The key characteristic of tribalism is that it is aggravated far more by external actions – because it involves an image of the self that is inherently based on some conception of "the other" – than it is by threats at home. In fact the dignity and rights of Egyptians are assaulted a great deal more often, and to a far greater extent by Egypt's own elite than they have been by Algerians or any other recent outsiders; as Hossam el-Hamalawy, a local journalist and activist, pointed out recently, "Hosni Mubarak's thugs have beaten and killed more Egyptians than any hooligans."
But to many Egyptians, that wasn't the point; the attacks in Algiers were perceived as an extraneous peril that deserved an extreme response. The conditions were set for an explosion, and somebody just needed to light the fuse.
Enter a phalanx of pampered actors, singers, TV personalities and other assorted celebrities who quickly saw a chance to jump on a populist bandwagon and regale all the talk shows with lurid accounts of their near-death experiences while attending the playoff match in Sudan. There is an epic chasm between the lives of the (mainly) upper-class Egyptians who could afford to journey down to Khartoum for the game and the world of the masses who watched it in their living rooms and in shisha cafes, a chasm that the former attempted to bridge through a hypocritical and exploitative campaign of disinformation.

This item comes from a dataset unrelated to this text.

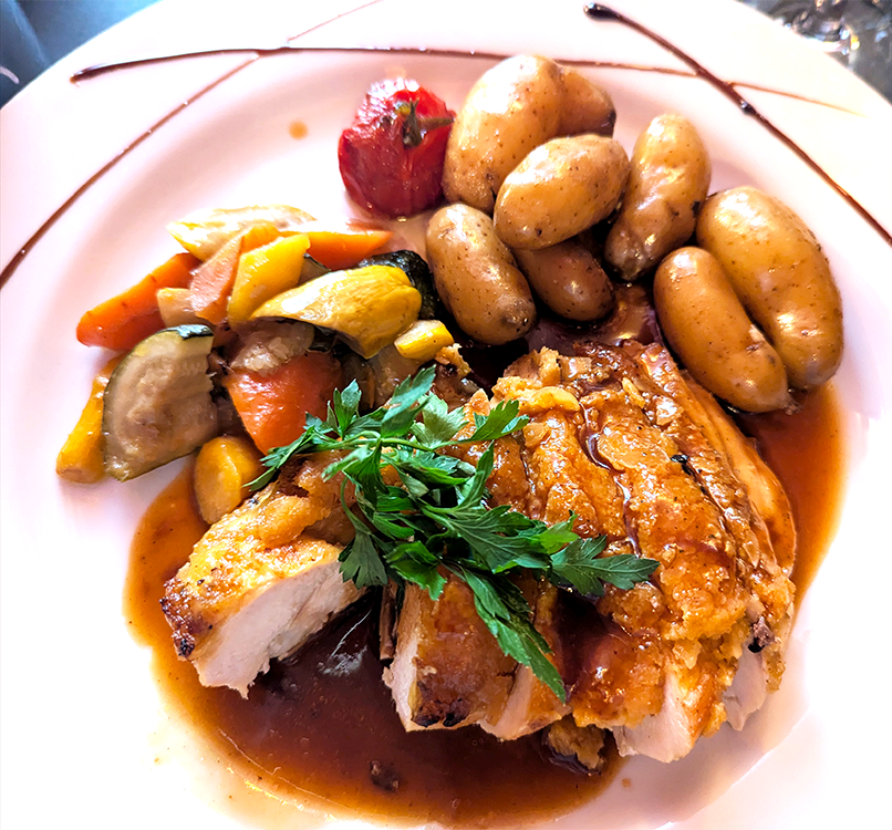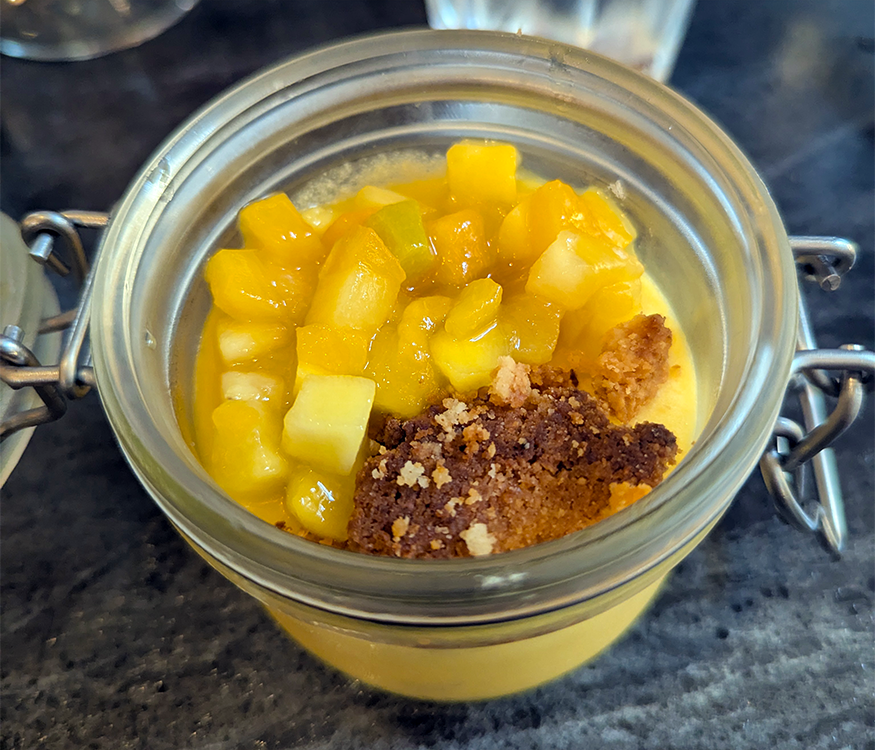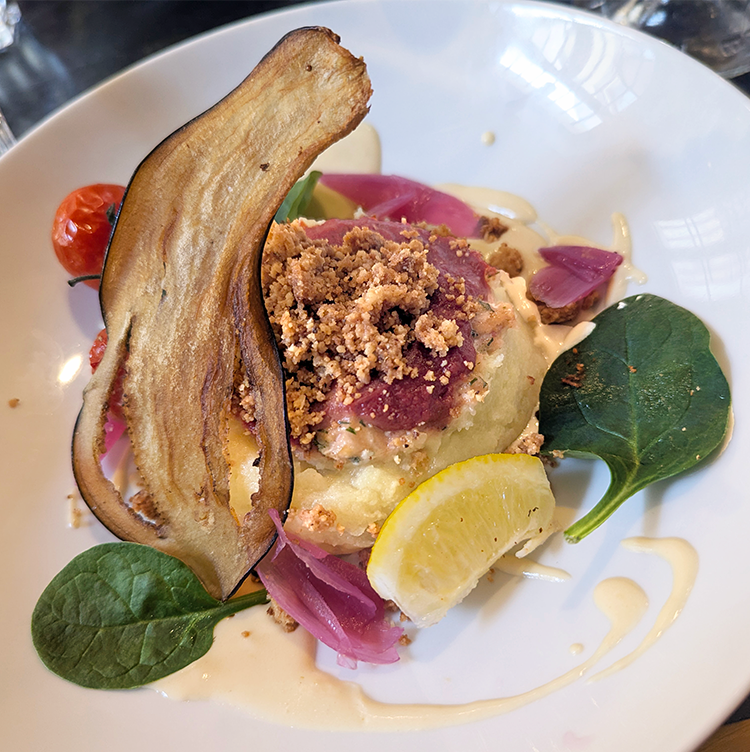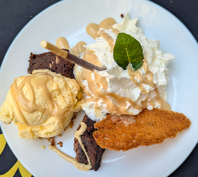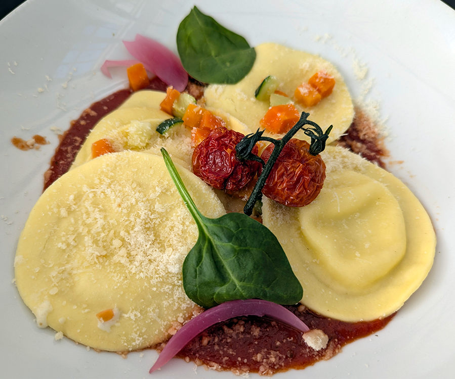 Salmon “crumble” was plated with eggplant prepared two different ways and a creamy, citrusy sauce. Four-cheese ravioli perched atop a bright, fresh tomato sauce. Desserts were a mango mousse and a brownie hidden under a scoop of ice cream and rich whipped cream.

No matter that most of these individuals have now quietly recanted their claims of bloodletting in the stands; the media were only too happy to whip up the hysterical tales of these two-bit phonies who thought they could grab some grubby stardust by singing along with lies and distortions to the patriotic tune. The same process, by the way, was also under way in the Algerian press, where the poisonous al-Chorouk newspaper printed fake story after fake story in an attempt to stoke tension.
This confluence of chauvinistic nationalism and media hyperbole lay at the heart of last week's chaos. That's not an excuse, just an explanation (and an incomplete one too, as nothing this wide-ranging affair can be pinned down to a single cause). The government played a key role in fanning the flames, and they certainly tried to exploit the crisis for political gain – although I'm inclined to think Mubarak's clique decided somewhat belatedly to surf the wave of popular anger, rather than playing any part in initiating it.
As one Egyptian friend recently put it to me, Egypt's ruling class are "half-bright bureaucrats and armchair statesmen"; in the international arena they prefer to keep their heads down and avoid making enemies, which is why Egypt has so shamelessly sold out the Palestinians in Gaza and also failed to stand up to Libya or Saudi Arabia over the well-documented mistreatment of Egyptian migrant workers.
Indeed, the only good thing that might possibly emerge from the past fortnight would be a growing awareness of the duplicity of Egypt's political leaders, who are now promising to unleash "Egypt's wrath" on those who flout the rights of Egyptians. Championing those rights in recent years has involved arresting peaceful demonstrators, torturing dissidents and presiding over a state so corrupt and dysfunctional that recent train and ferry accidents have killed more than 300 and 1000 Egyptians respectively (tragedies, incidentally, that Mubarak did not think warranted a presidential visit). Tribalism may search for antagonists beyond the borders, but the real enemy of the Egyptian people lies closer to home.